3.4. Measurement sensitivity

Fig. 6a and b shows sensitivity for each instrument as a function of mobility diameter for silver and TiO₂ agglomerates, respectively. The sensitivity σ is defined as a ratio of surface area measured by each of the instruments to surface area from APM–TEM. σ=1 represents the sensitivity of the APM–TEM approach.

Fig. 6a and b shows that for silver agglomerates having open structure (D_f=2.0), the sensitivities of LQ1-DC and DC2000CE decrease with increasing mobility diameter by a factor of 2 or 3 while the sensitivity of mobility-diameter approach (MD) is relatively constant. The sensitivity of NSAM seems to fluctuate. On the other hand, for TiO₂ agglomerates having very compact structure (D_f=2.634), both sensitivities of MD and DC2000CE decrease with increasing mobility diameter.
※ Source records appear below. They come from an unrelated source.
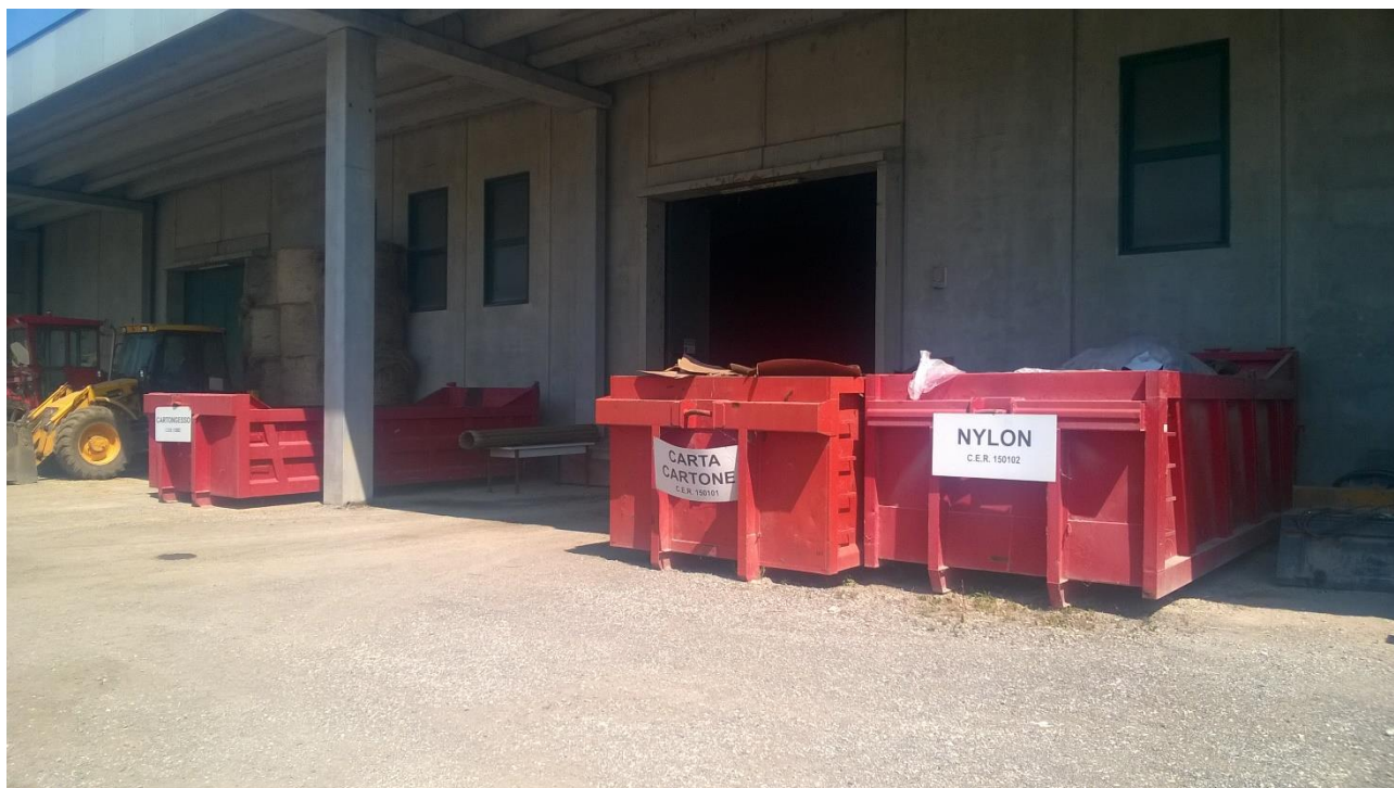
Figura 5 Area messa in riserva Carta/Cartone e Nylon
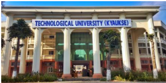
Figure 1. Figure Headings below the Figure

Figures and tables must be centered in the column. Large figures and tables may span across both columns. Any table or figure that takes up more than 1 column width must be positioned either at the top or at the bottom of the page.
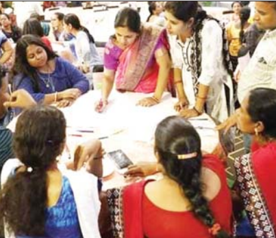
कार्यशाला में उपस्थित लोग।

राउरकेला महानगर निगम, झारसुगुड़ा, बीरमिपुर, राजगांगपुर, सुंदरगढ़ नगर निकायों और राउरकेला महानगर निगम कर्मचारियों द्वारा आयोजित कार्यशाला में सीवेज उपचार केंद्रों के प्रबंधन के प्रभारी मिशन शक्ति
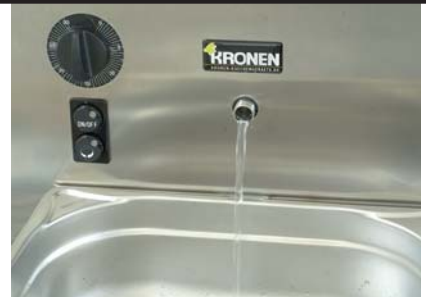
Durchfluss-Reinigungsöffnung für schnelle Reinigung.
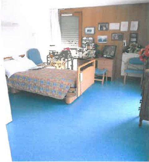
Les chambres sont personnalisables
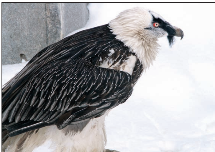
Бородач (ягнятник) – вид, включенный в Красную книгу РФ
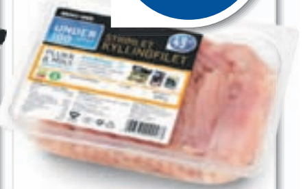
STRIMLET KYLLINGFILET Solvinge, 400 g, 122,50 pr. kg
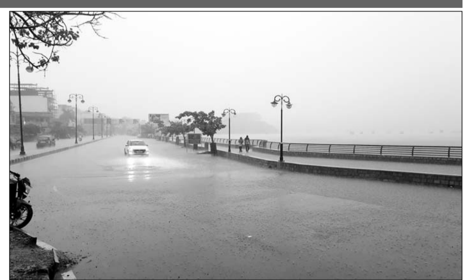
प्री मानसून की तेज बरसात के बाद वैशाली नगर स्थित आनासागर चौपाटी मुख्य मार्ग पर भरा पानी।

शहर के पर्यटक स्थलों के साथ ही आनासागर चौपाटी पर लोगों की भीड़ देखने को मिली। जिले के पुष्कर, केकड़ी, मसूदा, किशनगढ़ और अंराई सहित अन्य स्थानों पर बरसात हुई। पुष्कर सरोवर में फोडर के जरिए पानी की आवक हुई। अजमेर की निचली बस्तियों जादूगर, गुर्जर धरती, नारा, भजनगंज, अशोक नगर भट्टा, जौन्सगंज, बिहारीगंज, अलवर गेट, झलकारी नगर आदि क्षेत्रों की सड़कों पानी से लबालब हो गई। जेएलएन अस्पताल परिसर के आस-पास पानी भरने से तालाब बन गया। मार्टिडल ब्रिज के नीचे, स्टेशनरोड, क्लॉक टावर से गांधी भवन
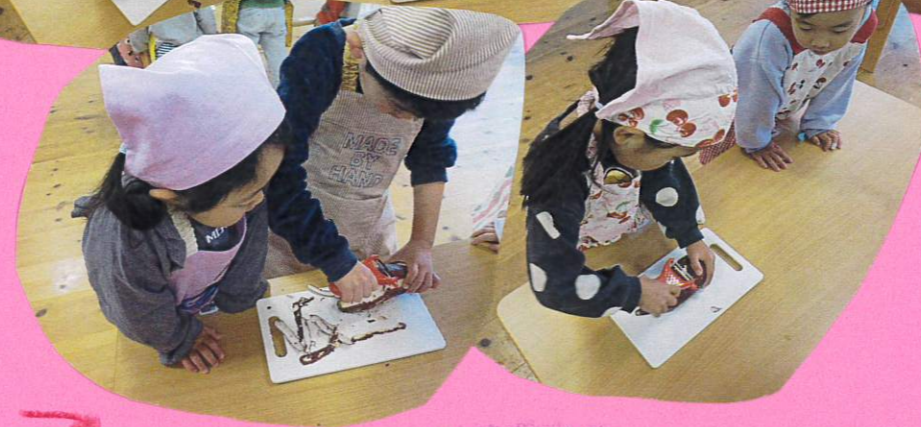
おぼろは「おぼろ」 皮をむきます!!
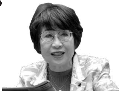
秋山 幸子 議員
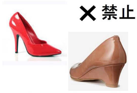
×ハイヒール・ウエッジヒール
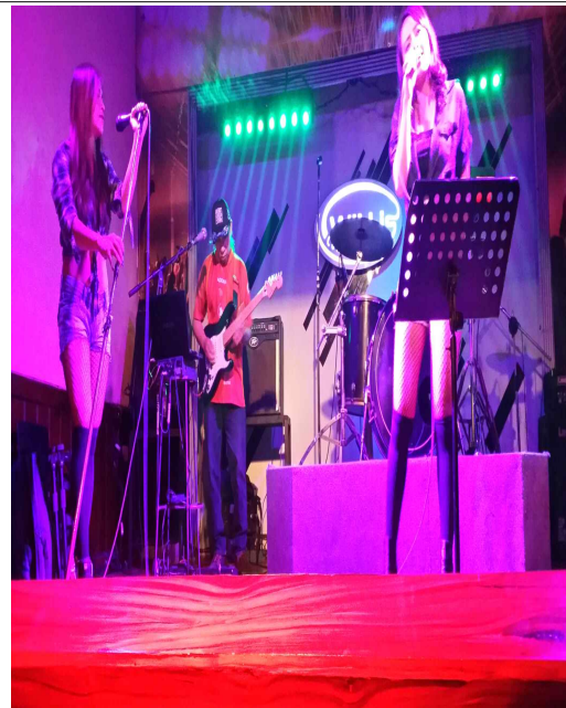
라이브 공연 중인 바
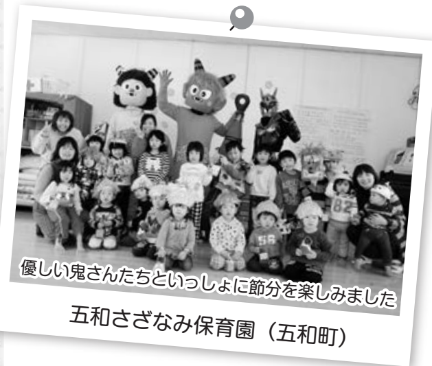
優しい鬼さんたちといっしょに節分を楽しみました 五和さざなみ保育園 (五和町)
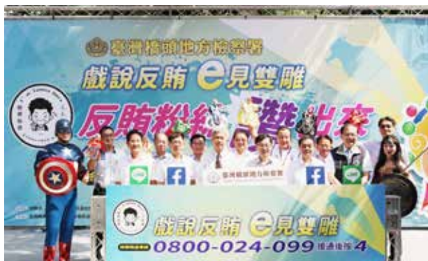
是日與會嘉賓大合影

本次活動主題及場地選定非常成功，在百年糖廠古蹟建築時空背景下啟動e世代雲端反賄，讓民眾加深反賄意識也肯定台糖公司社會參與、敦親睦鄰的優質企業形象，是一次帶動社會廉潔的正能量，難得的檢、調、廉三大合體反賄活動。🌟
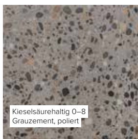
Kieselsäurehaltig 0–8 Grauzement, poliert
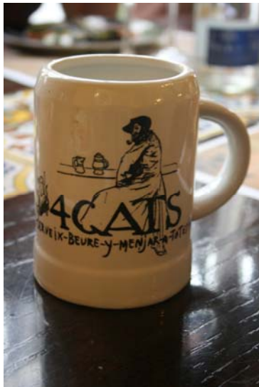
Chope de bière (4 Gats)
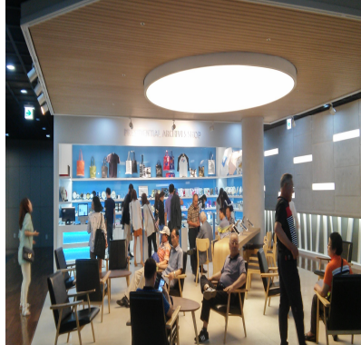
1층 기념물코너 겸 카페
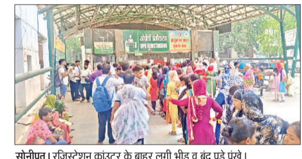
सोनीपत। रजिस्ट्रेशन काउंटर के बाहर लगी भीड़ व बंद पड़े पंखे।
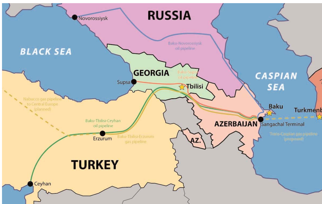
L'oleodotto che collega Baku (Azerbaijan) con Tbilisi (Georgia) e Ceyhan (Turchia)
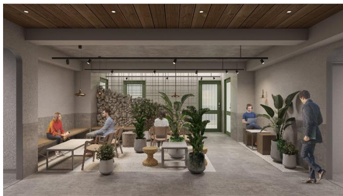
▲2F ラウンジイメージ

また、奥渋谷という立地を活かして、近隣の飲食店や代々木公園をサードプレイスとして、リフレッシュしながら日々のワークライフを送ることができます。
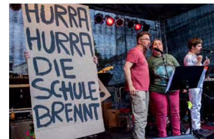
NICHT-IDEAL (DEUTSCHLAND): KARAOKE MIT BARNER 16 LIVE BÜHNE AN DER STIFTSKIRCHE 16.7.2017
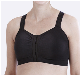
Breda och reglerbara axelband som justeras framtill. Mirabelle finns i vit och svart.
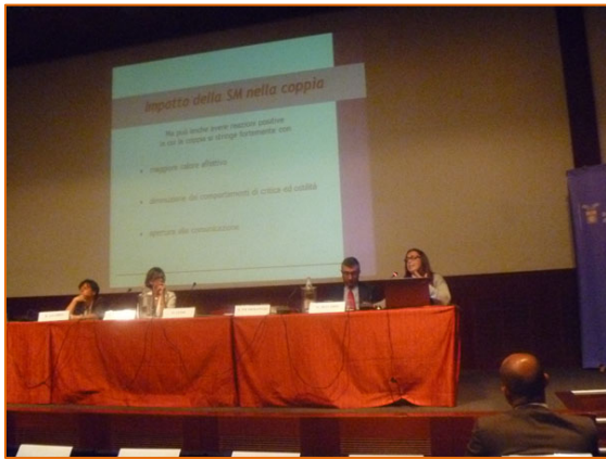
Figura 8. Il tavolo dei relatori
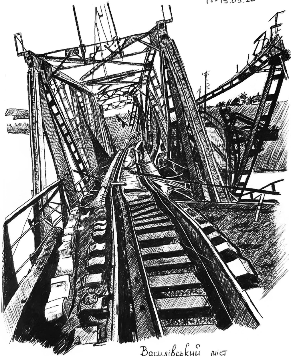
Василівський міст (Запорізька обл.)
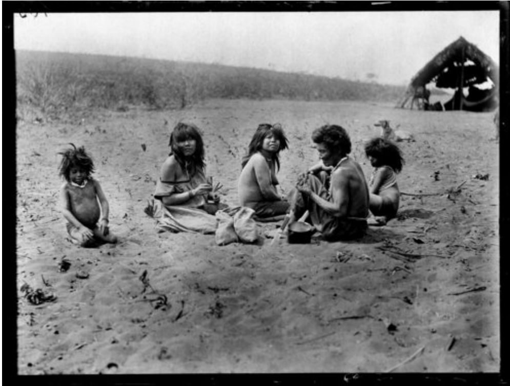
Fig. 5 - Mujer kozarini-paresí con sus hijos (Uaririmi, 1910-1911).
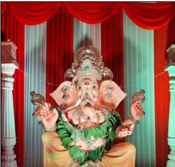
सार्वजनिक उत्सव समिती मंडळ जे. एन. रोड, मुलुंड पश्चिम, यंदाचे ४० वर्ष, उंची ६.५ फूट

Fig. 7 shows sensitivity (σ) as a function of mass scaling factor (D_f) for all the aerosols studied in this work. The particle structure or morphology has a pronounced effect on the mobility-based method compared to DCS methods. As particle structure becomes more compact, i.e., as mass scaling factor increases, sensitivity of the MD methods decreases.

Fig. 7.

Sensitivity (σ) for DC-based sensor and mobility diameter-based approach as a function of particle structure. D_f represents fractal dimension-like mass scaling factor.

4. Conclusions

Four different approaches for measuring surface area of submicrometer particles were compared in this study: (i) diffusion charging-based sensors (three sensors from three manufacturers were evaluated: TSI Inc., model 3550 nanoparticle surface area monitor; Ecochem, model DC2000CE diffusion charger; Matter Engineering, model LQ1-DC diffusion charger), (ii) mobility diameter-based surface area estimation, (iii) surface area based on mobility diameter assuming a linear chain morphology of an agglomerate with uniform primary particle size (MD-LCA), and finally, (iv) the surface area estimation based on the mass measurement from APM and primary particle size measurement using TEM (APM–TEM). It was shown that the APM–TEM method, which can be applied directly to airborne particles unlike the BET method, agrees well with the BET method. It was also found that the response of the three diffusion charging-based sensors to silver agglomerates substantially underestimated the surface area measured by the APM–TEM approach by a factor of 3–10 in the size range studied. These differences in surface area measured by diffusion charging-based sensors could be more drastic for large complex aerosols with high dynamic shape factors and large internal area. Mobility diameter-based methods (MD and MD-LCA) generally gave good agreement at low mobility sizes; however, they significantly underestimated surface area at large mobility diameters. MD and MD-LCA approaches was sensitive to the structure or morphology of the particles. Measurements for particles with open structure with D_f < 2 were reliable using the MD and MD-LCA approaches. The results show that caution should be exercised in the interpretation of measurements from diffusion charging-based instruments. Also the mobility diameter-based surface area measurements may be relatively reasonable for open agglomerates with no internal surface area, but may significantly underestimate surface area of compact agglomerates.